La Amazonia ha sido inhóspita —incluso mortal— para los foráneos desde que éstos lo bautizaron como Amazonia hace casi 500 años. Sin embargo, siempre y cuando los viajeros se vacunen contra la fiebre amarilla y no vayan solos, la muerte ya no es una preocupación importante hoy en día. Pero mostrar a los viajeros el lado más salvaje de la selva tropical mientras se mantiene a todos relativamente cómodos es difícil.

También requiere dinero. Nos costó mil 600 dólares a cada uno reservar un camarote con cuatro literas (incluyendo todo desde los traslados hasta el alcohol) para el viaje, que me pareció mucho. Pero tuvimos suerte porque el barco sólo estaba medio lleno, y nos dieron un ascenso de categoría a camarotes individuales con aire acondicionado y baños privados. Aun así, no hubo internet ni servicio celular durante días.

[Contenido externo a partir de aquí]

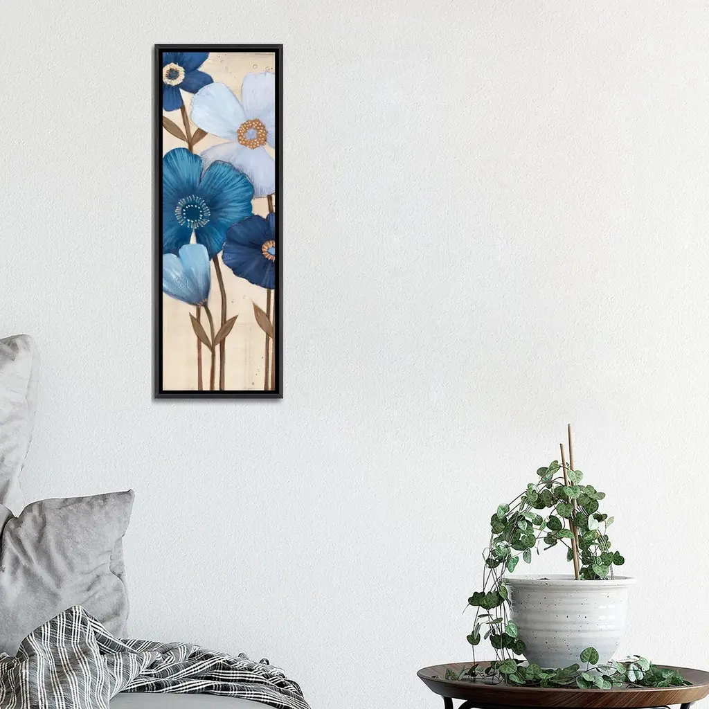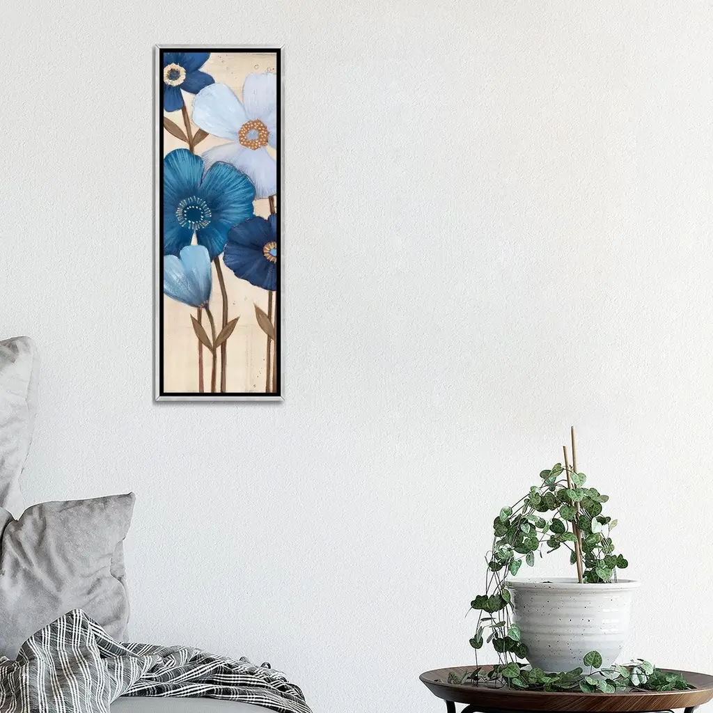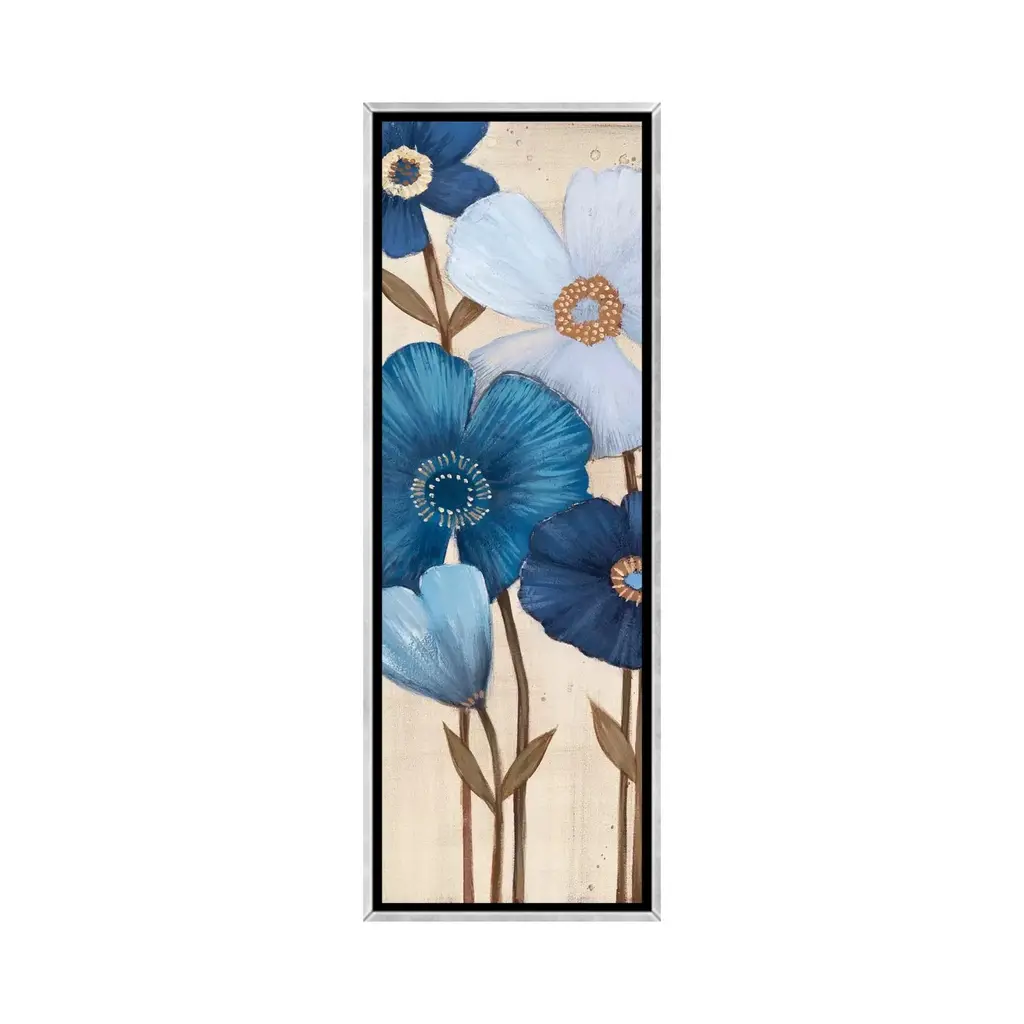 Icanvas "Fleurs Bleues I" By Maja Framed - 48x16 - Charcoal

Las comidas eran de la cocina tradicional brasileña hábilmente preparada. Lo más delicioso eran las crepas de tapioca, las frutas tropicales y el café vigorizante en el desayuno.
Aún así, más que lo que sucedía a bordo del barco, el viaje tenía que ver con lo que ocurría fuera de él.

Una noche, Nigel nos subió a una pequeña lancha motora tipo canoa y emprendimos un recorrido por el río tan oscuro como boca de lobo. Revisó la ribera con una poderosa lámpara, aguardando a divisar dobles puntos rojos indicando que nos observaban ojos de animales —sacando sus cabezas del agua, viéndonos desde tierra o, si tuviéramos la suerte de ver a un oso perezoso, desde un árbol. (Sí divisamos un caimán, los primos sudamericanos de los cocodrilos).

El entorno, vasto y sin caminos, y la gente que vive a las orillas de sus ríos, son asombrosos. Nuestro viaje incluyó dos visitas a comunidades en las riberas, donde las casas están hechas de tablillas de madera, los niños estudian en escuelas de un solo salón de clases, y generadores a diesel proveen de energía a una televisión comunal.

Visitamos las ruinas de Airão, un poblado abandonado hace medio siglo y medio devorado por la jungla. Pescamos pirañas y después consumimos en la comida nuestra magra pesca frita en una sartén.

En uno de nuestros paseos en barco, el rayo de la lámpara de Nigel iluminó dos ojos rojos demasiado alto en la ribera para ser un caimán. Era un margay —un gato pequeño y sigiloso que sabe imitar las llamadas de algunas de sus presas. Aunque yo esperaba ver mi primer perezoso, éste fue un premio de consolación bastante bueno.